Task to complete
Copy exactly and only the lines running from the one that contains "南京师范大学泰州学院转设有关事项说明 来源:新浪微博" to the final line of the data below, without the pictures.

Source material
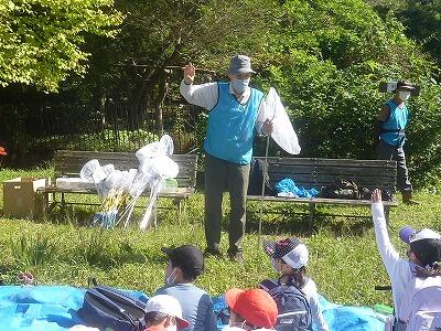 田中さんから,虫取りの極意を教えてもらう子どもたち。
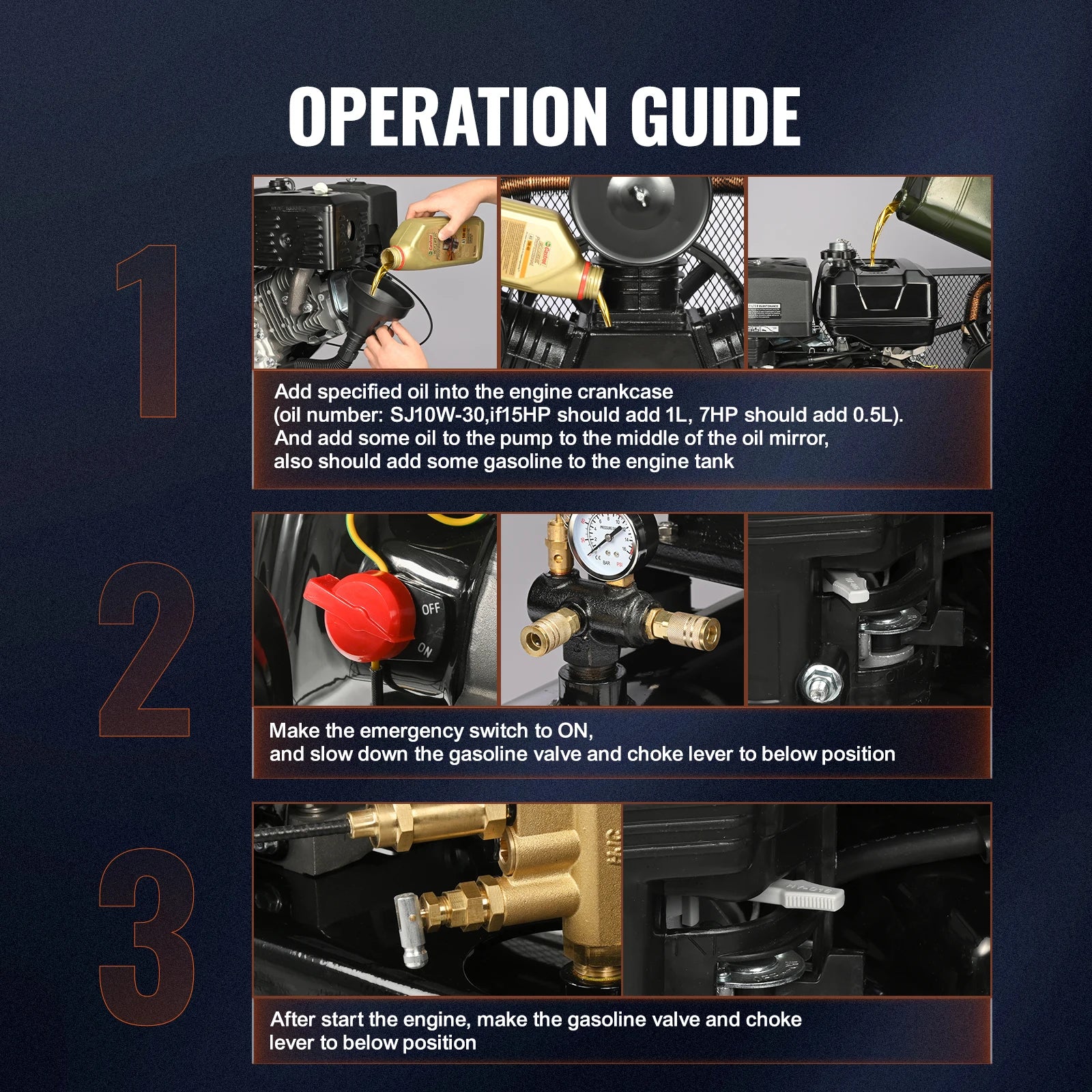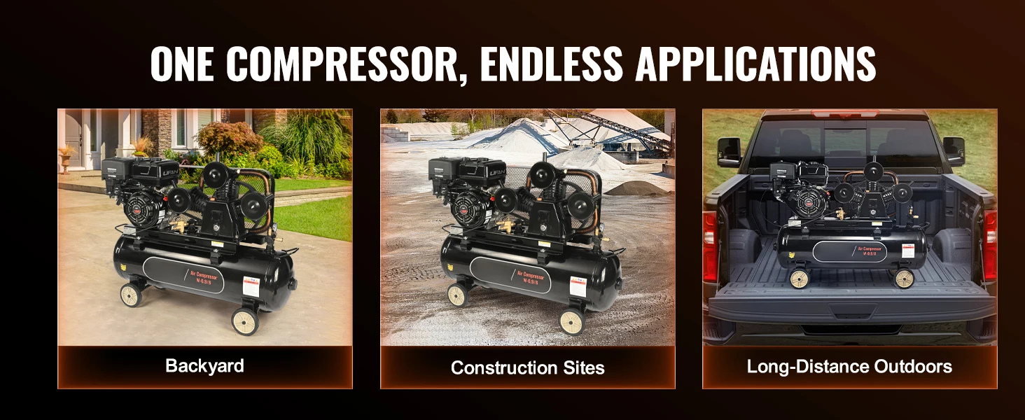 Easy Mobility: The 4 smooth rolling wheels make it simple to move the piston pump air compressor to wherever you need it. Ideal for outdoor and long-distance projects, it's easily transportable for on-the-go tasks. High Capacity and Performance: The SucceBuy 15HP gas powered air compressor has a powerful piston pump and delivers an impressive 33CFM@115PSI of air. It allows for fast inflation in just 2 minutes, uses less fuel, and has lower emissions. The 30-gallon tank and 2 air outlets ensure stable and simultaneous use. Stable Air Supply: The 30-gallon large capacity tank provides a long-lasting and stable air supply. It reduces the need for frequent starts and stops, guaranteeing your projects proceed smoothly from beginning to end. Versatile Application: Our gas powered air compressor is compatible with numerous pneumatic and air tools like nail guns, air sanders, impact wrenches, and spray guns. It's ideal for various fields such as chemical, light industry, food processing, and construction, ready to handle a wide range of tasks. Durable and Secure: Made with durable cast iron cylinders and frames, this gas driven air compressor is stable and long-lasting, resistant to wear and deformation. It also automatically shuts off when oil levels are low to protect the pump.
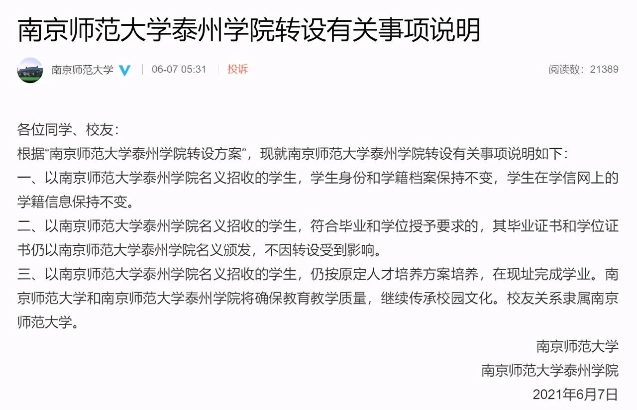 南京师范大学泰州学院转设有关事项说明 来源:新浪微博
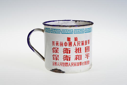 20世纪50年代全国人民慰问解放军代表团赠送给人民解放军战士马明喜的搪瓷杯
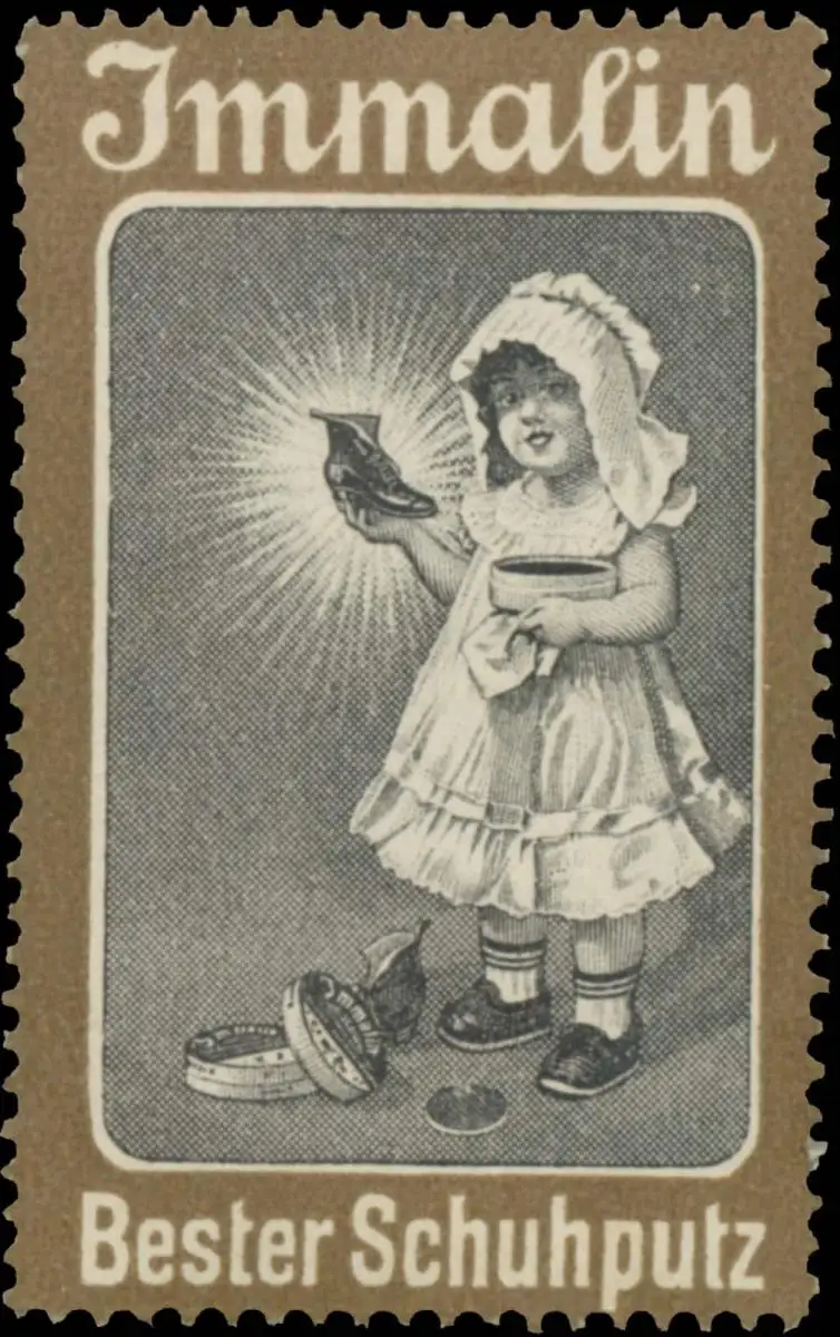 Kind mit Schuhcreme, braun, Größe/Zustand: 5x3 , guter Zustand, Original alte Reklamemarke die seinerzeit für die Werbung benutzt wurde

Exercise output
 南京师范大学泰州学院转设有关事项说明 来源:新浪微博
 20世纪50年代全国人民慰问解放军代表团赠送给人民解放军战士马明喜的搪瓷杯
 Kind mit Schuhcreme, braun, Größe/Zustand: 5x3 , guter Zustand, Original alte Reklamemarke die seinerzeit für die Werbung benutzt wurde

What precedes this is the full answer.